What is being asked: What the answer must contain is every line of the records, exactly, with no pictures.

Information supplied below:

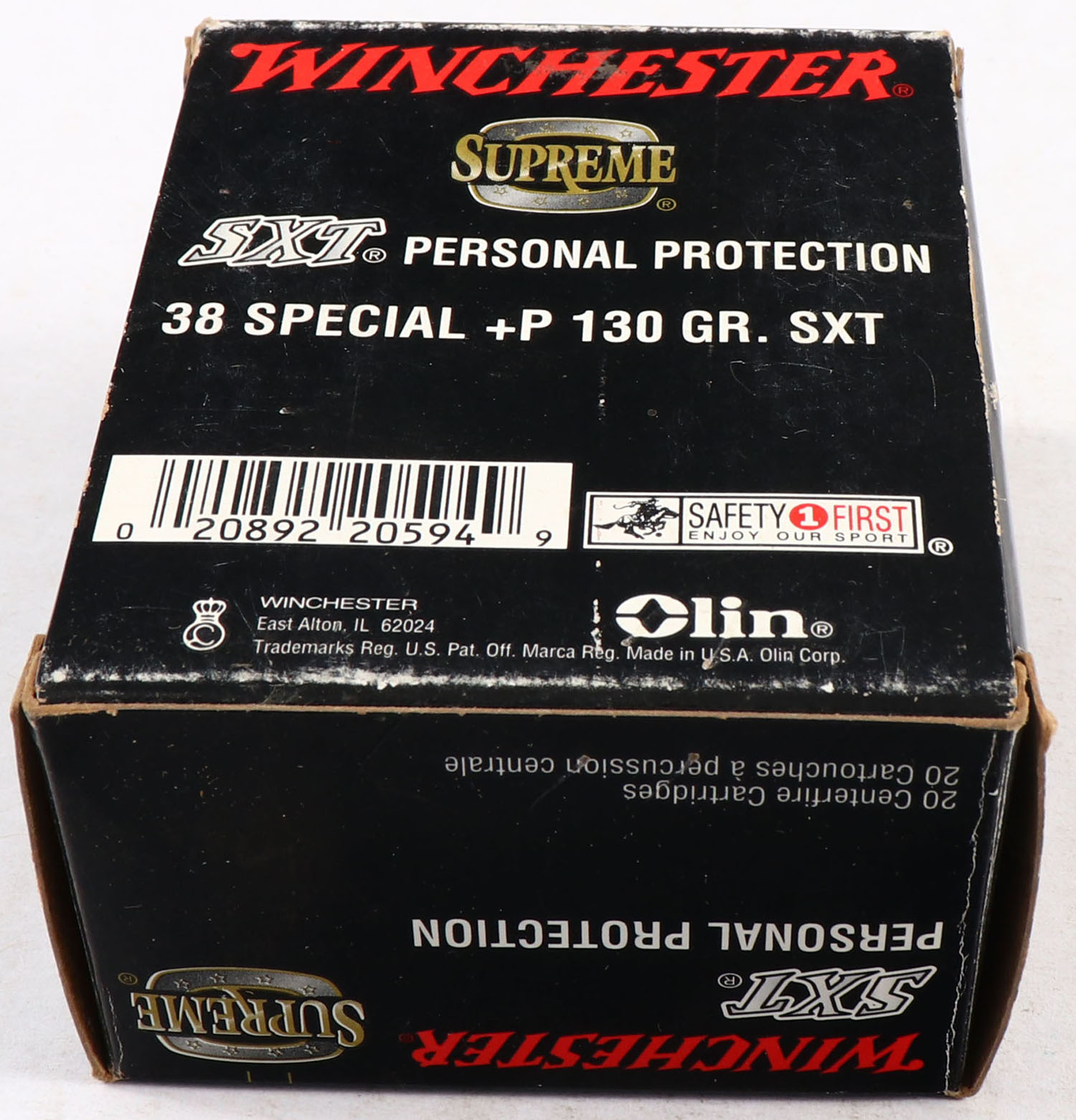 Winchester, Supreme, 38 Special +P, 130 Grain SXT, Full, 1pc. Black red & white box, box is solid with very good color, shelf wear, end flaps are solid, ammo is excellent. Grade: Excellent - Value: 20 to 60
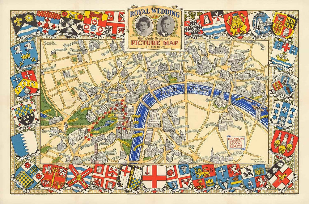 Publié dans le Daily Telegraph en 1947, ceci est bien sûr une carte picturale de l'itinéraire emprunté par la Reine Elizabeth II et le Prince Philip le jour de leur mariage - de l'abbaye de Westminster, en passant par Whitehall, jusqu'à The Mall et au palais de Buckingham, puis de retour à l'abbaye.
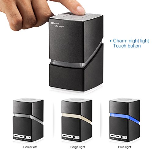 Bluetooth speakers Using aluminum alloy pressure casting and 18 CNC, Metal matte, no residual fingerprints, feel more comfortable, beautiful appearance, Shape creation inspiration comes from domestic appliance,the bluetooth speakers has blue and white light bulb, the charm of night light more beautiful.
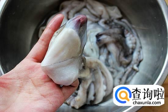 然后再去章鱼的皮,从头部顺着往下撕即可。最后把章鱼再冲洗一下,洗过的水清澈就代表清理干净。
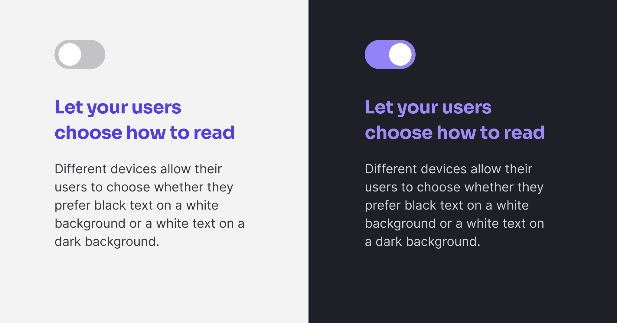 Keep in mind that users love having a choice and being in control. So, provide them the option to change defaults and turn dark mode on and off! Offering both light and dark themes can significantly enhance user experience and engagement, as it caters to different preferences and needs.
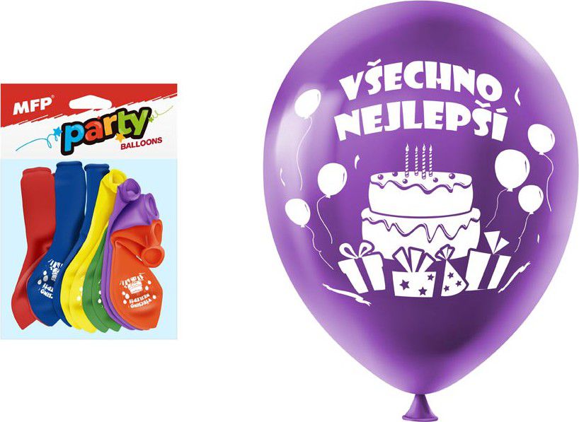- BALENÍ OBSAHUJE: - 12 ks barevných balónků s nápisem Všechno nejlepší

End of Information supplied.

Task answer:
 Winchester, Supreme, 38 Special +P, 130 Grain SXT, Full, 1pc. Black red & white box, box is solid with very good color, shelf wear, end flaps are solid, ammo is excellent. Grade: Excellent - Value: 20 to 60
 Publié dans le Daily Telegraph en 1947, ceci est bien sûr une carte picturale de l'itinéraire emprunté par la Reine Elizabeth II et le Prince Philip le jour de leur mariage - de l'abbaye de Westminster, en passant par Whitehall, jusqu'à The Mall et au palais de Buckingham, puis de retour à l'abbaye.
 Bluetooth speakers Using aluminum alloy pressure casting and 18 CNC, Metal matte, no residual fingerprints, feel more comfortable, beautiful appearance, Shape creation inspiration comes from domestic appliance,the bluetooth speakers has blue and white light bulb, the charm of night light more beautiful.
 然后再去章鱼的皮,从头部顺着往下撕即可。最后把章鱼再冲洗一下,洗过的水清澈就代表清理干净。
 Keep in mind that users love having a choice and being in control. So, provide them the option to change defaults and turn dark mode on and off! Offering both light and dark themes can significantly enhance user experience and engagement, as it caters to different preferences and needs.
- BALENÍ OBSAHUJE: - 12 ks barevných balónků s nápisem Všechno nejlepší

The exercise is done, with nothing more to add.